Сидели на травке, под набережной на крутом берегу Днепра, ели черешню с теплыми сайками; внизу сквозь темную воду было видно песчаное дно, длинные, чуть шевелящиеся пряди травы, и стайку мальков, держащихся против течения на мелком месте. Солнышко пригревало. Черешню им отсыпали девицы в борделе, куда они завозили глазмановские ликеры, а сайки по копейке были от булочника-белоруса, торговавшего с лотка.
Авель сказал:
– Слышь, Локшик[11]
, что я думаю… ну насчет твоего аттестата. Можно ведь достать у кого-то свидетельство о прохождении курса и по нему устроиться. Ну, типа, под псевдонимом. Поступить и учиться до аттестата – кто станет проверять? А лучше всего, если ксива откуда-нибудь из Вильны или Белостока, будто ты беженец от германцев и хочешь продолжить образование.Брат достал изо рта скользкую черешневую косточку, взял двумя пальцами и, прицелившись, выщелкнул ее в воду. Мальки порскнули в стороны.
– Как это достать? Украсть, что ли?
– Ну я не знаю, разведать, у кого есть, и купить. Многие беженцы перебиваются еле-еле, им это свидетельство на фиг не нужно. А я почти двадцать рублей накопил. Если дядькин золотой еще добавить, так сумма!
– От же ты и фантазер! Напридумывал, – Брат сплюнул прицельно, но до воды не достал. Вынул из-за уха папиросину, дунул. – Я эти царские аттестаты, знаешь, где вертел? И вот что, больше меня Локшем не зови. – Это они, когда маленькими были, прозвища себе придумали: один Флейш[12]
, а другой Локш. Типа, мясо с лапшой.– Почему?
– А потому, что локш по-блатному то же, что брехня.

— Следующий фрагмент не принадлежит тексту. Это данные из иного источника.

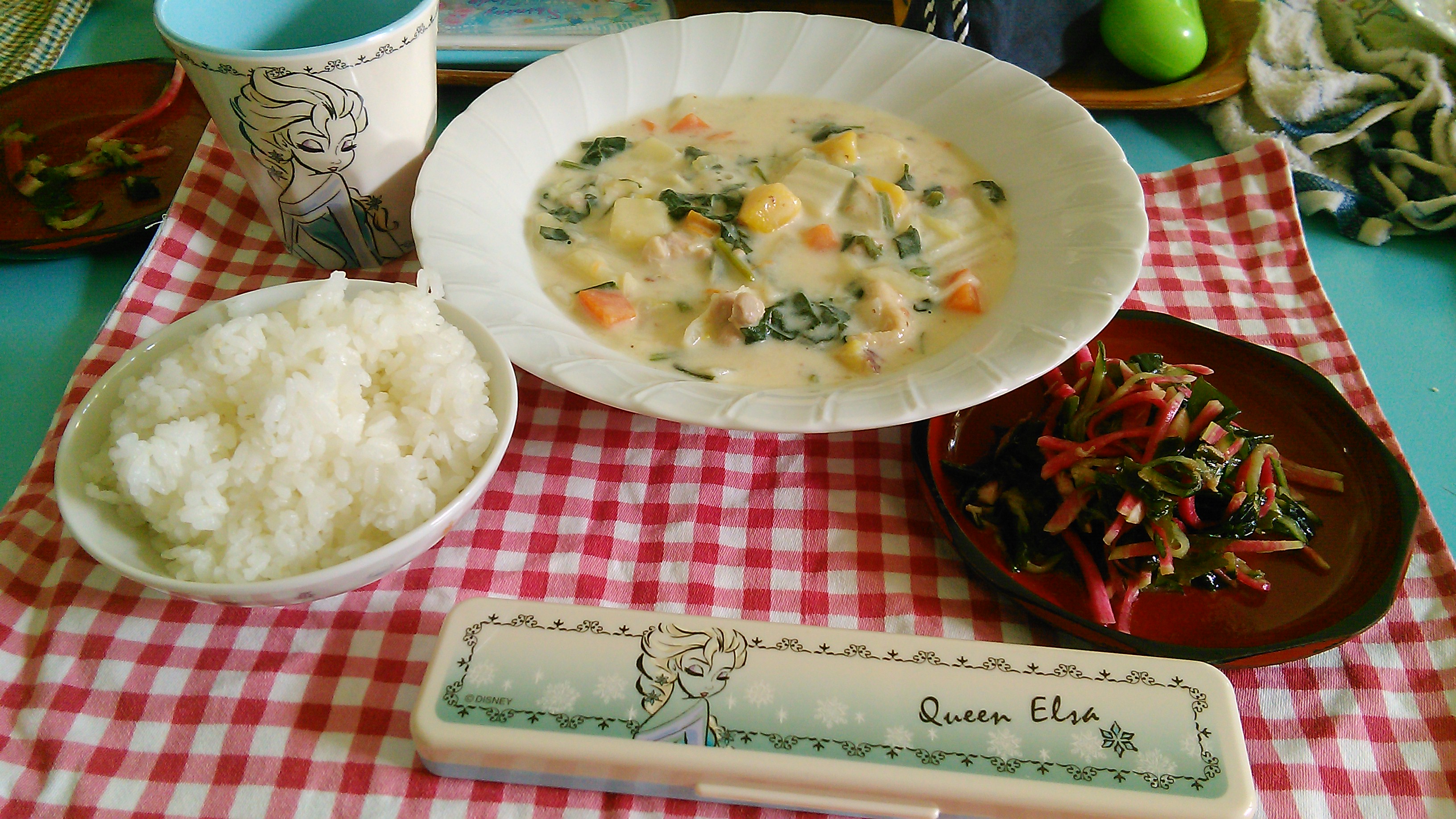 シチューは、小麦アレルギーの子供がいるので、ルウを使わず、米粉で☆
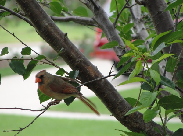 也许是鸟爸鸟妈与我们熟悉了,知道我们没有恶意,他们在我们查看鸟窝时,不像以前那样飞得远远的,就在前面的小树上吱吱的叫,终于拍到一张较为清楚的,这次可以确定是红雀鸟了(cardinls)
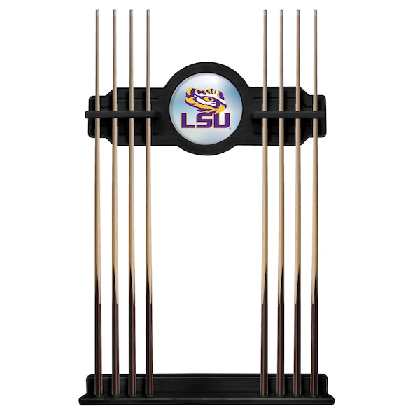 This Officially Licensed Louisiana State 2 piece Cue Rack by the Holland Bar Stool Co. is a must have accessory for your pool table and game room. Our furniture quality que rack is solid wood, no particle board or veneer like the others in the market. The top section features CNC routed decorative elements and a 10 1⁄2” real mirrored glass center piece that features a first surface digitally UV printed logo, not a sticker like the others. The “shelves” have routed holes that hold the stick in place and won’t damage the cue shaft like inexpensive plastic clips. The bottom section has designated areas for the cue bumper to sit in that are felt lined. The rack features a multi step stain and finish process that ensures a durable yet elegant appearance. Hanging hardware is installed in both top and bottom sections that allow for tight, flush mounting to the wall. The unit comes complete with mounting hardware and instructions. Overall Dimensions: Upper Section: 34" x 14"; Lower Section: 34" x 3 1/2". Finish off your game room with this beautiful Cue Rack from the Holland Bar Stool Co.
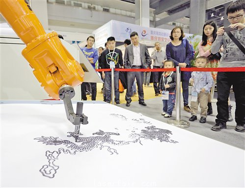 10月25日,南坪會(hui) 展中心展會(hui) 現場,工業(ye) 機器人正在“作畫”,一條栩栩如生的龍躍然紙上
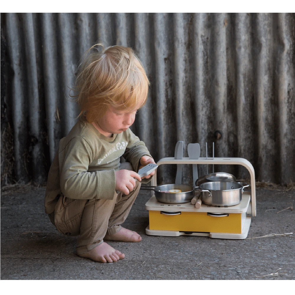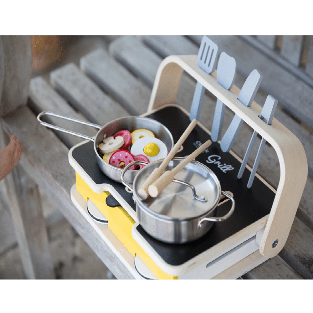 This kitchen comes with all the trimmings – metal frying pan and sauce pan, tongs, knife, spatulas, it even comes with skewers and vegetables to inspire the ultimate creativity! Move the utensil holder when it’s time to tidy up and use as a handle for storage / travel.

Болтунов и неудачников так обзывают. А безнадежные дела зовут локшевыми.
– Как же мне тогда тебя звать? – спросил Авель.
– Теперь я буду Флейш, а ты как хочешь. Хоть Менделах[13]
. Гимназист Менделах и вольный орел Флейш с волчьим билетом.– Нет, это ты все же зря, – сказал Авель. – Что я, один в пятый класс должен идти, а ты так останешься?
– Ты за меня не волнуйся. Не пропаду как-нибудь. Всему, чему они учат, я и сам научусь. Просто мне сейчас неохота.
Он опять плюнул и на этот раз попал. Плевок белым поплавком поплыл по течению. Снизу, из травы, к нему бросились мальки, растеребили.
– Не переживай. А то, я смотрю, ты все ногти сгрыз от беспокойства. Если хочешь знать, я тогда с ножиком не тебя попер спасать, а просто образину жандармскую мечтал порезать. Жалко, лезвие по ребрам скользнуло, а то бы – раз в ливер, и хана Вахрамейке!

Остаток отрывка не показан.